The author of this article equates evolution and science. Evolution is an inescapable fact, resulting from the mutation process. You are different from your parents. The Intelligent Design proponents make some pertinent points, though, about the differences between micro- and macro-evolution and the bodies of evidence for each. I don’t exactly see why there is such “religious” opposition to listening to their views, some of which are lucid. Not all of them are dummies. To liken them to “flat-earthers” is patently unfair, bigoted, and elitist.

Have a happy day!

Cal Easterling, at 11:08 am EDT on June 10, 2005

I doubt it

I read with a lot of doubt the last paragraph that says Kansas’

current climate is likely to give universities in the state renewed trouble attracting high-quality graduate students, as they did when the evolution debate first exploded in Kansas in 1999.

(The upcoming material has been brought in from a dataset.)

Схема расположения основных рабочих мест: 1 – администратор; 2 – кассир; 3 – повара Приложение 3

this sounds much more like a ploy to get people to write their representatives and mke the issue much bigger that it really is by getting folks scared that grad students won’t go to Kansas over something like this—preposterous!

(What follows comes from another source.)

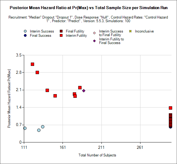 | Success / Futile Combined | Flags indicating if the interim or final analysis determined success or futility taking all the factors defined for Success/Futility into account: 0 if the conditions were not met, 1 it the conditions were met. If success and futility conditions have been defined that are not mutually exclusive and both sets of combined conditions are met, FACTS will pick one of the outcomes as met but not the other. In order to discourage defining Success and Futility rules that can both be true FACTS does not guarantee which outcome will be selected. |

john maass, at 4:34 am EDT on April 13, 2005

“Nothing in biology makes sense except in the light of evolution.” —Theodosius Dobzhansky, in “The American Biology Teacher", March 1973

“A true scientist would say that nothing in biology makes sense except in the light of evidence."—Jonathan Wells, in “Icons of Evolution: Science or Myth?", 2000

The following suggested Origins of Life policy, which first appeared in the Buckna/Laidlaw article, “Should evolution be immune from critical analysis in the science classroom?"(www.icr.org/pubs/imp/imp-282.htm) is a realistic, practical and legal way for local and state boards of education to achieve a win-win with regard to evolution teaching. Even the National Center for Science Education, the ACLU, and Americans United for the Separation of Church and State should find the policy acceptable:

“As no theory in science is immune from critical examination and evaluation, and recognizing that evolutionary theory is the only approved theory of origins that can be taught in the [province/state] science curriculum: whenever evolutionary theory is taught, students andteachers are encouraged to discuss the scientific information that _supports_ and _questions_ evolution and its underlying assumptions, in order to promote the development of critical thinking skills. This discussion would include only the scientific evidence/information _for_ and _against_ evolutionary theory, as it seeks to explain the origin of the universe and the diversity of life on our planet.”

University of California (Berkeley) law professor Phillip Johnson ["Darwin on Trial"] said on CNN (Aug. 16/99): “I think we should teach a lot about evolution. In fact, I think we should teach more than the evolutionary science teachers want the students to know. The problem is what we’re getting is a philosophy that’s claimed to be scientific fact, a lot of distortion in the textbooks, and all the difficult problems left out, because they don’t want people to ask tough questions.”

To read further on the subject, refer to my essay, “Should Evolution Be Immune From Critical Analysis?” at (www.rae.org/critanl.html)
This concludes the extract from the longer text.